>>

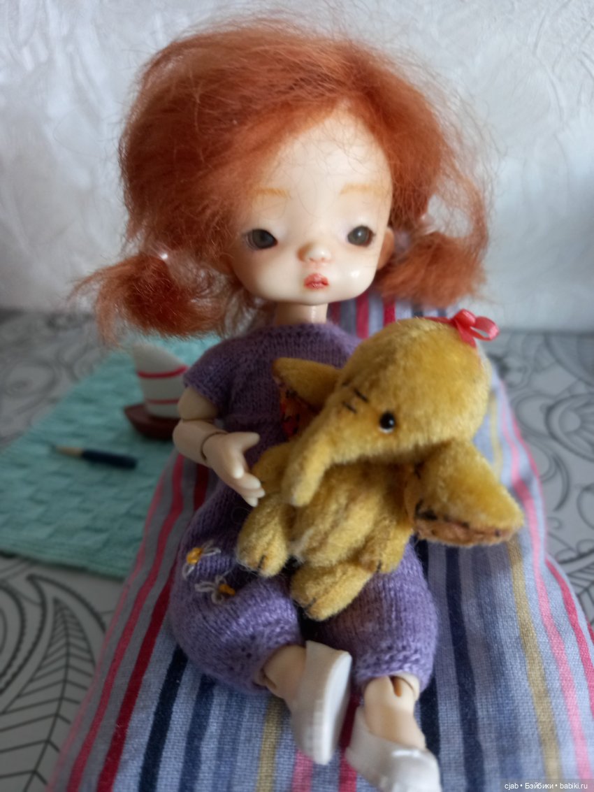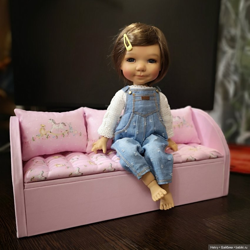 Диван я сама делала. Он для кукол большего размера. Но для фото малявочки тоже сгодился.
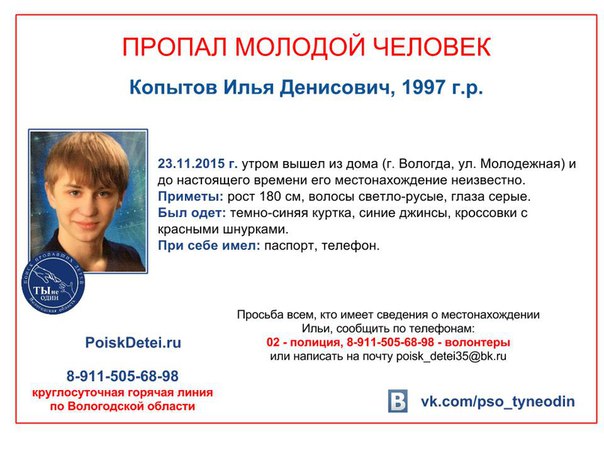 Илья ростом 180 сантиметров, у него светло-русые волосы, серые глаза. Был одет в темно-синюю куртку, синие джинсы, кроссовки с красными шнурками. При себе имел паспорт и телефон, сообщает ИА «СеверИнформ» со ссылкой на ПСО «Ты не один».
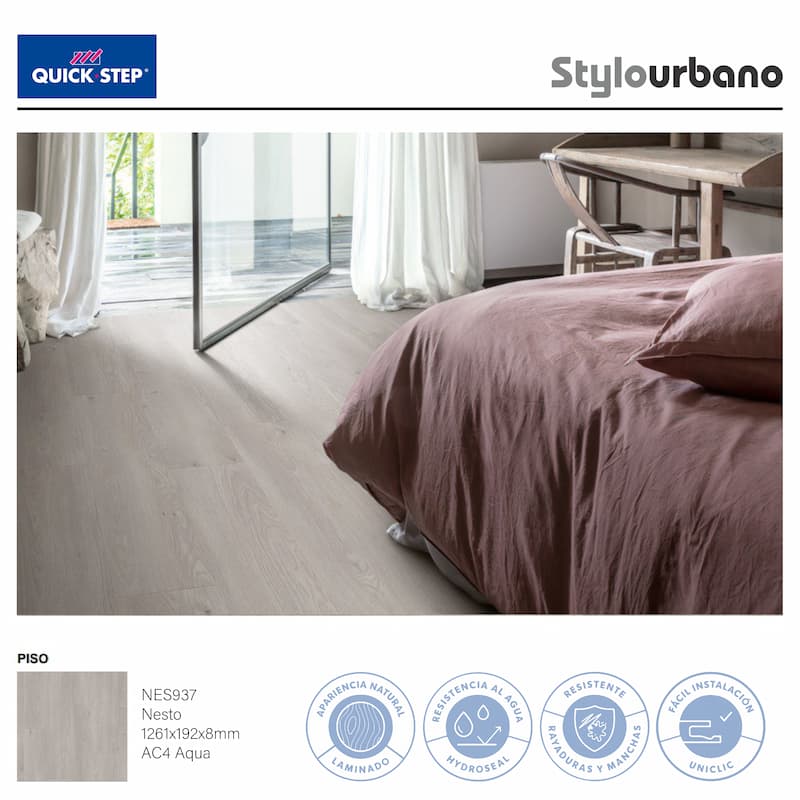 Piso flotante Aqua marca QuickStep línea Nesto origen Bélgica.
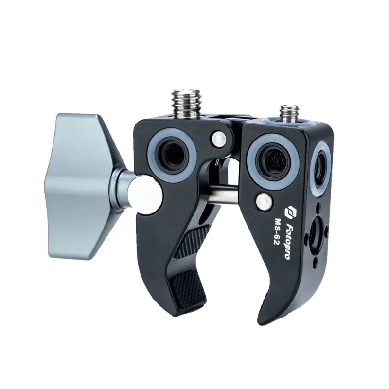 The Fotopro MS-62 Clamp is a universal, portable and stable clamp. The clamp has a maximum load capacity of 18kg, has 8 screw holes for extensions (6x1/4" and 2x3/8") such as for clamping to the table, bike or to your tripod. It is therefore multifunctional in use.
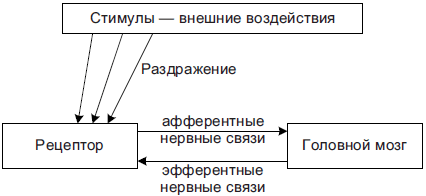 Каждый орган чувств (глаз, ухо, чувствительные клетки кожи, вкусовые сосочки языка) специализирован на приеме и переработке различных специфических внешних воздействий. Основная часть каждого органа чувств – окончания чувствующего нерва – рецепторы. Они превращают энергию внешнего раздражителя в нервный импульс. Воздействие, способное возбудить рецептор, называется стимулом.
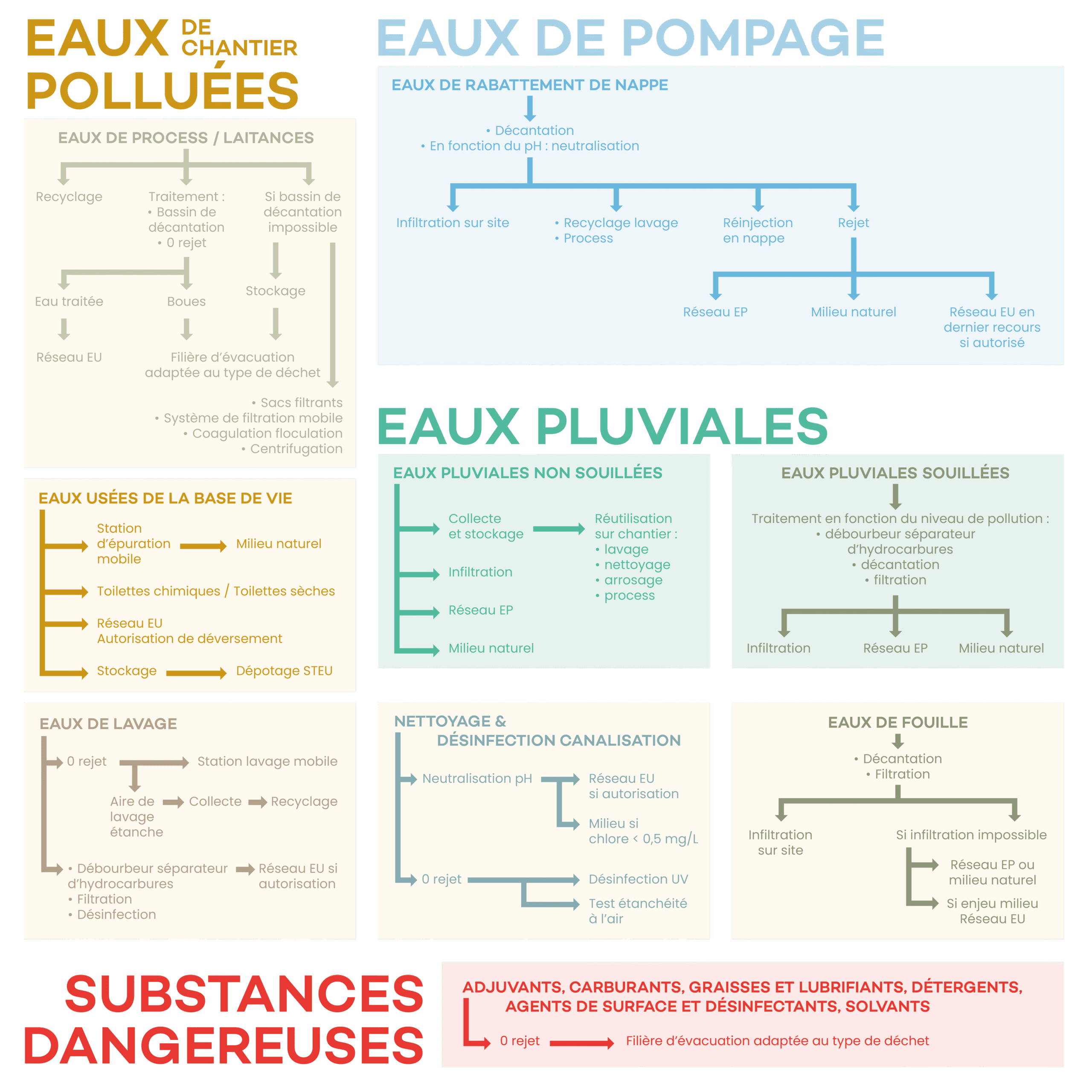 Une bonne organisation du chantier aide à collecter séparément les effluents selon leur niveau de pollution, les nécessités de traitement et les possibilités de rejet :

<<

*WORK REQUIRED*
Reproduce the entire listing exactly, but omit any pictures.

*SOLUTION TO THE EXERCISE*
 Диван я сама делала. Он для кукол большего размера. Но для фото малявочки тоже сгодился.
 Илья ростом 180 сантиметров, у него светло-русые волосы, серые глаза. Был одет в темно-синюю куртку, синие джинсы, кроссовки с красными шнурками. При себе имел паспорт и телефон, сообщает ИА «СеверИнформ» со ссылкой на ПСО «Ты не один».
 Piso flotante Aqua marca QuickStep línea Nesto origen Bélgica.
 The Fotopro MS-62 Clamp is a universal, portable and stable clamp. The clamp has a maximum load capacity of 18kg, has 8 screw holes for extensions (6x1/4" and 2x3/8") such as for clamping to the table, bike or to your tripod. It is therefore multifunctional in use.
 Каждый орган чувств (глаз, ухо, чувствительные клетки кожи, вкусовые сосочки языка) специализирован на приеме и переработке различных специфических внешних воздействий. Основная часть каждого органа чувств – окончания чувствующего нерва – рецепторы. Они превращают энергию внешнего раздражителя в нервный импульс. Воздействие, способное возбудить рецептор, называется стимулом.
 Une bonne organisation du chantier aide à collecter séparément les effluents selon leur niveau de pollution, les nécessités de traitement et les possibilités de rejet :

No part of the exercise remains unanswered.